Last but not least, the deflation in credit has not translated into broader deflation. There are few price drops other than energy that was way overpriced and has now undershot.
The problem is that the Fed is pushing on a rope right now. The problem is that banks aren't lending, but this is not because interest rates are too high or that there is a Fed-imposed limit on lending. It's because the banks are scared.

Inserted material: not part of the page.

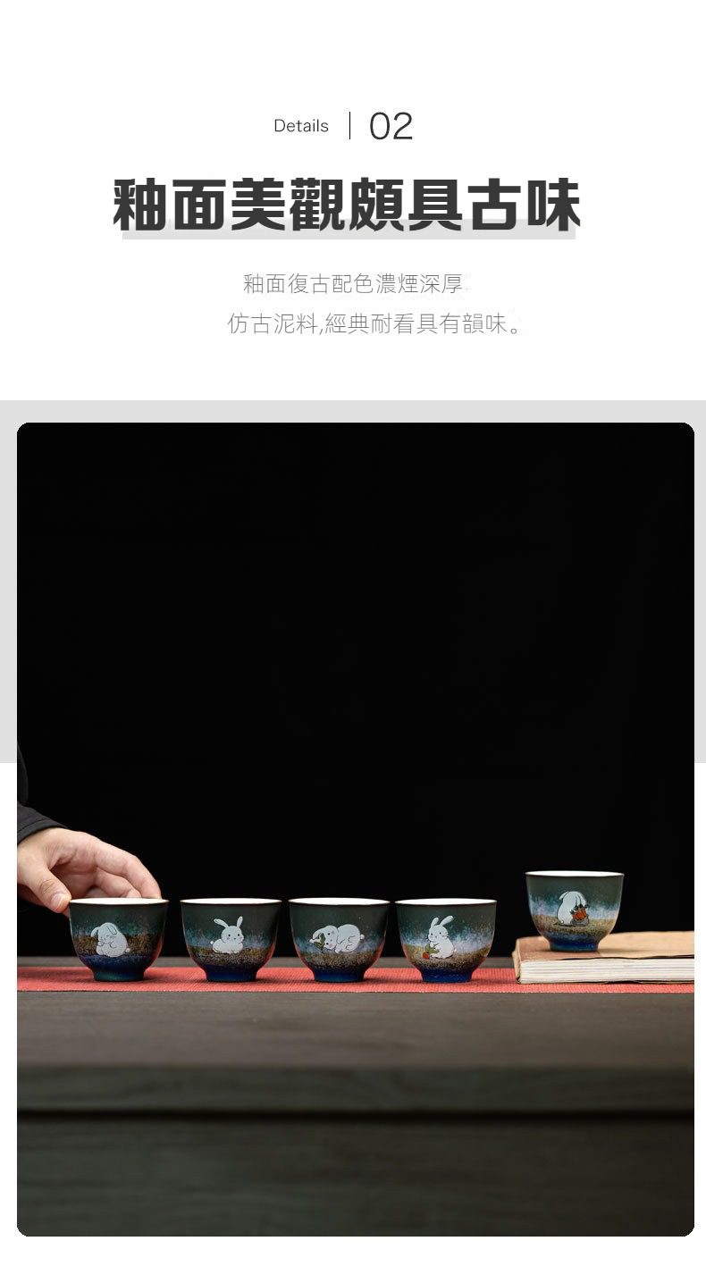 窯變煥彩五兔豐盈品茗杯套組選用高品質材質,耐用易清潔,造型考究且穩定更加有序整潔,增添生活儀式感與格調,滿足自用、送禮與收藏需求。窯變煥彩五兔豐盈品茗杯套組皆嚴選材質與職人工藝,展現實用性與審美兼具的體驗。即日起滿三件享9折、五件享85折,立即選購,為生活添上南山居的儀式感。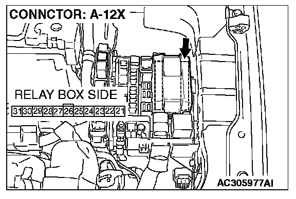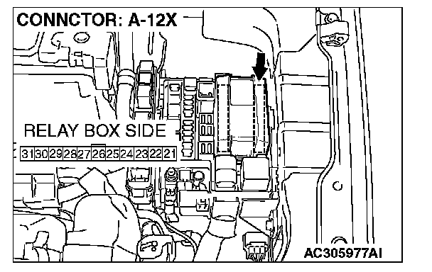 STEP 7. Check front-ECU connector A-12X for loose, corroded or damaged terminals, or terminals pushed back in the connector.

The problem with the Fed's money regulatory mechanisms is that they all assume that banks will always lend as much as they are allowed at competitive rates. So what happens if they don't? The Fed can extend ever-increasing enticements to lend, but until the banks stop being scared, they won't respond. So then what happens when the banks snap out of it? The Fed's enticements suddenly start working and banks will overextend themselves and we will be in for another world of hurt. Also the increased money supply that the Fed pumped into the economy to offset the decrease in lending gets augmented by the new lending into a huge jump in inflation
I've been trying to think of a way for the Fed to "pull the rope" rather than push. One horrible but straightforward idea is to fine banks who fall below a certain lending percentage. It's kind of like a reverse reserve requirement. Another even worse idea is for the Fed to compete directly with banks in lending when private lending dries up. Another similarly bad idea is for the Fed to tell the banks that it will pay back a certain percentage of bad loans, taking the bank's risk away.
Whatever is done, I still expect the scenario to play out that deflation runs its course in a year or so, and then snaps back into a short period of very fast inflation before settling down.